McDonnell, Virginia’s former attorney general, is to take office Jan. 16. He replaces Democrat Tim Kaine, who had urged a delay of offshore leasing. Their divergent views on offshore leasing was an issue in the gubernatorial campaign (see Daily GPI, March 6).

The Virginia lease sale would be the first lease sale conducted off the East Coast in nearly three decades (see Daily GPI, Nov. 13, 2008) . The proposed sale area, which is at least 50 miles offshore and covers 2.9 million acres in water depths of 100 feet to 10,000 feet, is believed to contain 1.14 Tcf of natural gas and 130 million bbl of crude oil, according to Interior’s Minerals Management Service.

National Ocean Industries Association President Tom Fry voiced his support for keeping Virginia in the federal government’s five-year leasing plan and accelerating leasing offshore Virginia. “America cannot have increased energy supply without increased access, and new areas of the Outer Continental Shelf cannot be leased unless they are included in [the] Five-Year Leasing Plan and sales are scheduled. None of this can happen until the necessary environmental reviews are conducted, and we urge the Interior Department to begin this important work as soon as possible.”

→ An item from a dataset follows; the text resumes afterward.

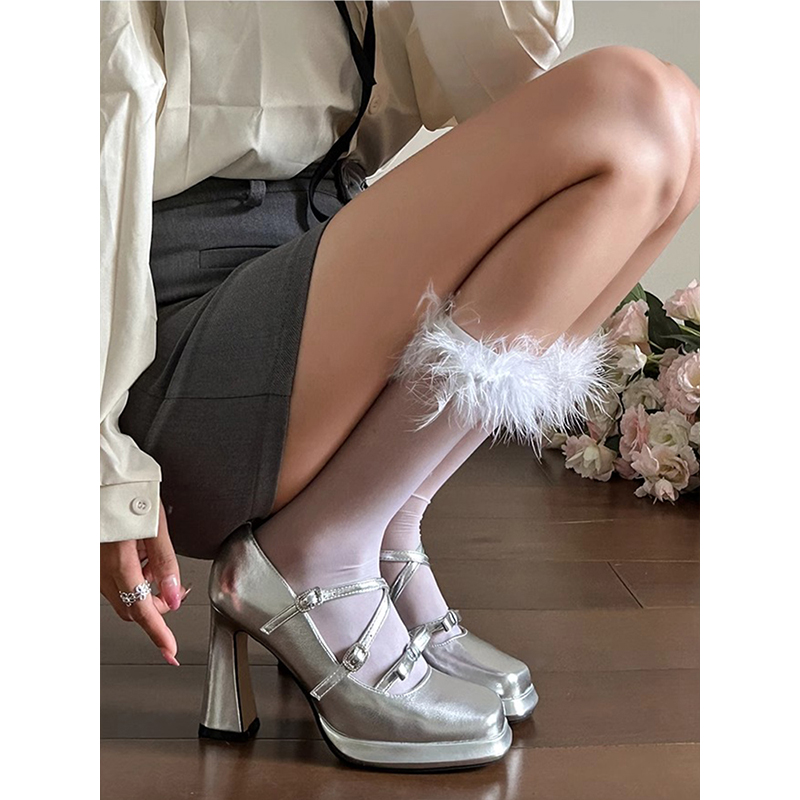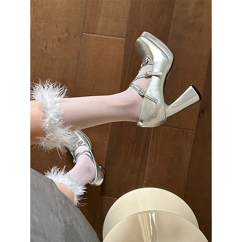 蝴蝶结粗跟超高跟鞋 女防水台方头单鞋 浅口 银色玛丽珍鞋 羊皮版

The start of the process for leasing offshore Virginia became possible when Bush in July 2008 lifted the presidential ban that placed the East and West coasts and parts of the eastern Gulf of Mexico off limits to leasing and drilling activity, and the congressional moratorium on leasing in those areas expired on Oct. 1, 2008, leaving the OCS free of restrictions for the first time in decades (see Daily GPI, Sept. 30, 2008; July 15, 2008).